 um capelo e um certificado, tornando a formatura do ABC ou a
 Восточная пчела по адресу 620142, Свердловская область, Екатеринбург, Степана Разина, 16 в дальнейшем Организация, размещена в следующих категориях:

* * *

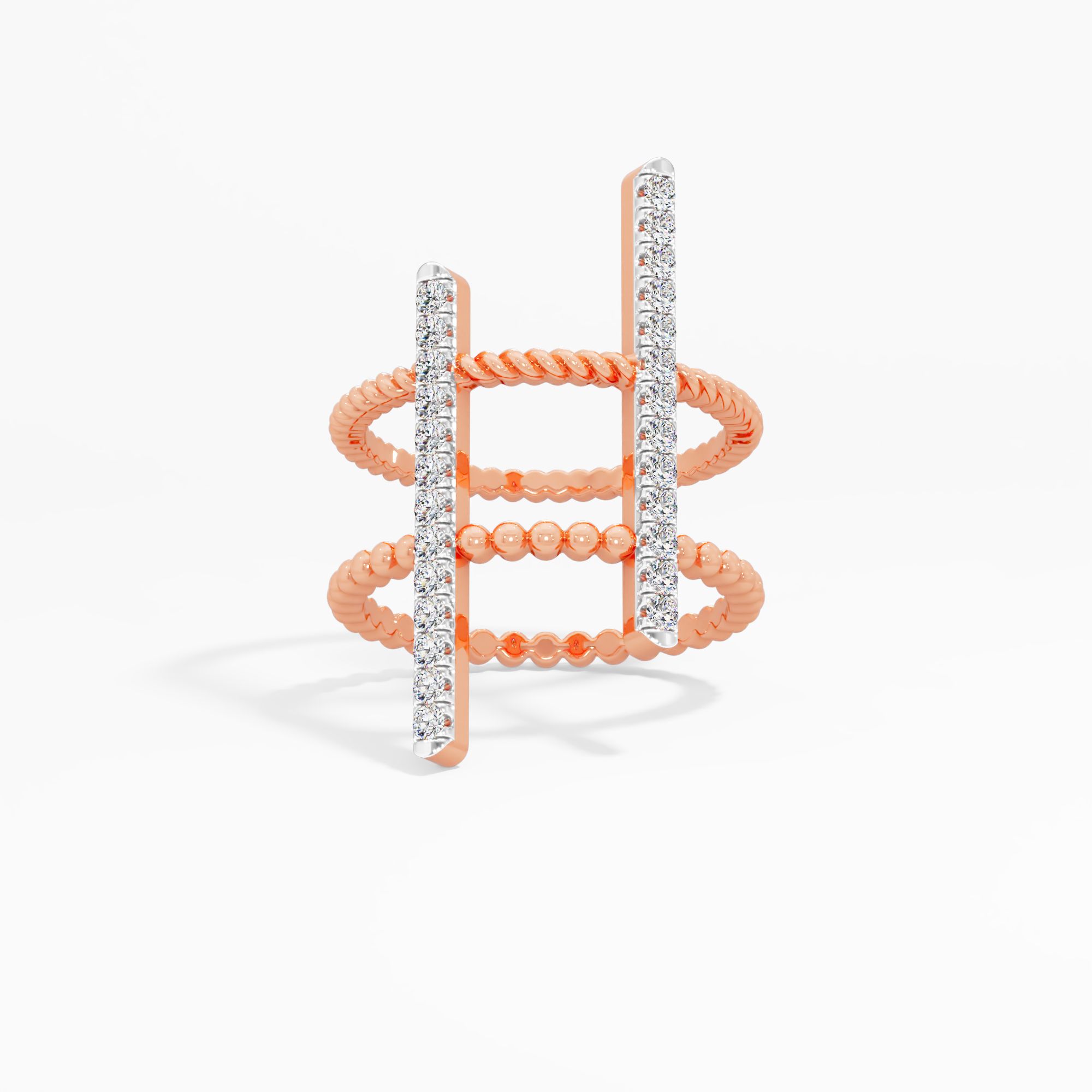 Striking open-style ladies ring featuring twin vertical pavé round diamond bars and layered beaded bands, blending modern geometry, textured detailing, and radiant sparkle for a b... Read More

* * *

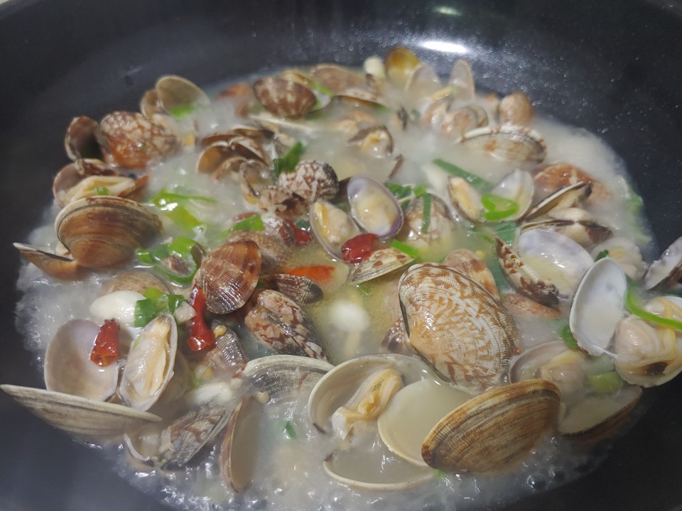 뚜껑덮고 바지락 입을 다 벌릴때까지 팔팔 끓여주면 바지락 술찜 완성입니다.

*Work item*
One stretch of the lines above is wanted, from the line that contains "um capelo e" through the line that contains "Восточная пчела по". Output it exactly.

*Result of this task*
 um capelo e um certificado, tornando a formatura do ABC ou a
 Восточная пчела по адресу 620142, Свердловская область, Екатеринбург, Степана Разина, 16 в дальнейшем Организация, размещена в следующих категориях:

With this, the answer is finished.